On Mon, Feb 18, 2019 at 06:38:25PM +0100, Michal Hocko wrote:
On Mon 18-02-19 17:16:34, Greg KH wrote:
On Mon, Feb 18, 2019 at 10:30:44AM -0500, Rik van Riel wrote:
On Mon, 2019-02-18 at 14:43 +0100, Greg Kroah-Hartman wrote:
4.20-stable review patch. If anyone has any objections, please let me know.
From: Dave Chinner dchinner@redhat.com
commit a9a238e83fbb0df31c3b9b67003f8f9d1d1b6c96 upstream.
This reverts commit 172b06c32b9497 ("mm: slowly shrink slabs with a relatively small number of objects").
This revert will result in the slab caches of dead cgroups with a small number of remaining objects never getting reclaimed, which can be a memory leak in some configurations.
But hey, that's your tradeoff to make.
That's what is in Linus's tree. Should we somehow diverge from that?
I believe we should start working on a memcg specific solution to minimize regressions for others and start a more complex solution from there.
Can we special case dead memcgs in the slab reclaim and reclaim more aggressively?
It's probably better to start a new thread to discuss this issue (btw, doesn't LSF/MM looks like the best place to do it? I can send a proposal).
But I don't think dead cgroups are any special here. At the moment when a cgroup is deleted, associated slab objects can be perfectly used by processes in other cgroups, so we can't reclaim them. Slab objects (vfs objects first of all) are quite often shared between cgroups, we can't just ignore it.
So in order to avoid leaks we'll need to apply some artificial pressure constantly, and then it's not clear why we need to do it separately for dead and living cgroups.

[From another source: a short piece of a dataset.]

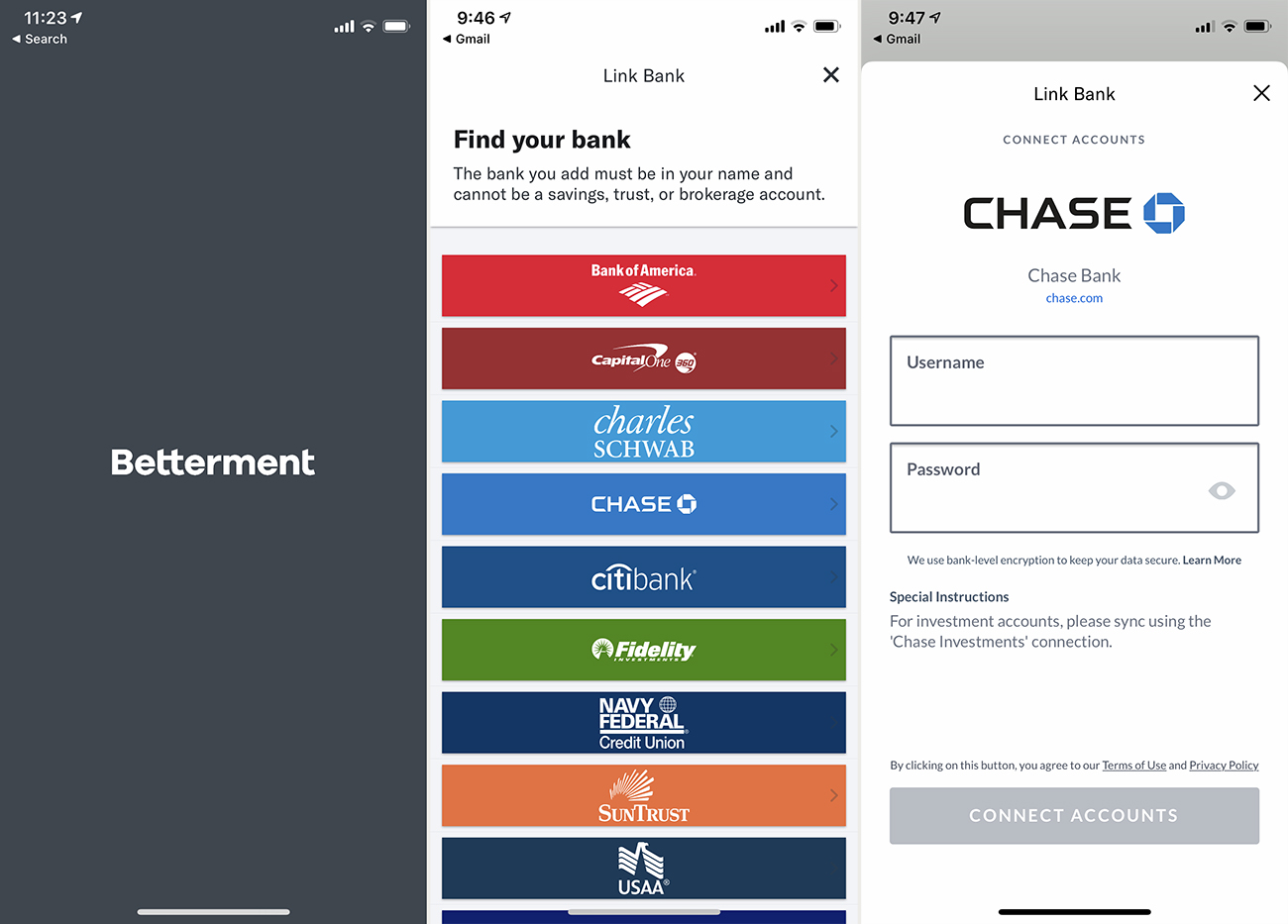 这听起来有点吓人,好吧,是有一点!银行的登录信息是消费者拥有的最敏感的凭证之一,在美国,拥有银行账户的人中有四分之一与 Plaid 共享这些凭证信息。所有这样做的人,几乎都是因为找不到更好的解决方案,举个例子,当你打开智能投顾软件 Betterment,尝试添加一个银行账户时,以下是显示界面:

So I still believe that Rik's/mine approach is the right thing to do, we just need to apply the pressure gently, including all corner cases (e.g. concurrency issues spotted by Dave).
Generally speaking, the problem occurs because the lifecycle of a slab object can be much longer than the lifecycle of the corresponding memory cgroup. And because we pin the memcg by the object, we're wasting lot of memory. Right now we allow certain amount of vfs objects to reside in the memory pretty much forever unless we have a really strong memory pressure. It's arguable fine because inodes and dentries are relatively small, but if each of them holds a 200kb+ dead memcg, it becomes very noticeable.
So we either have to apply the memory pressure more evenly (what Rik and I are proposing), or completely reparent slab objects on cgroup removal.
Thanks!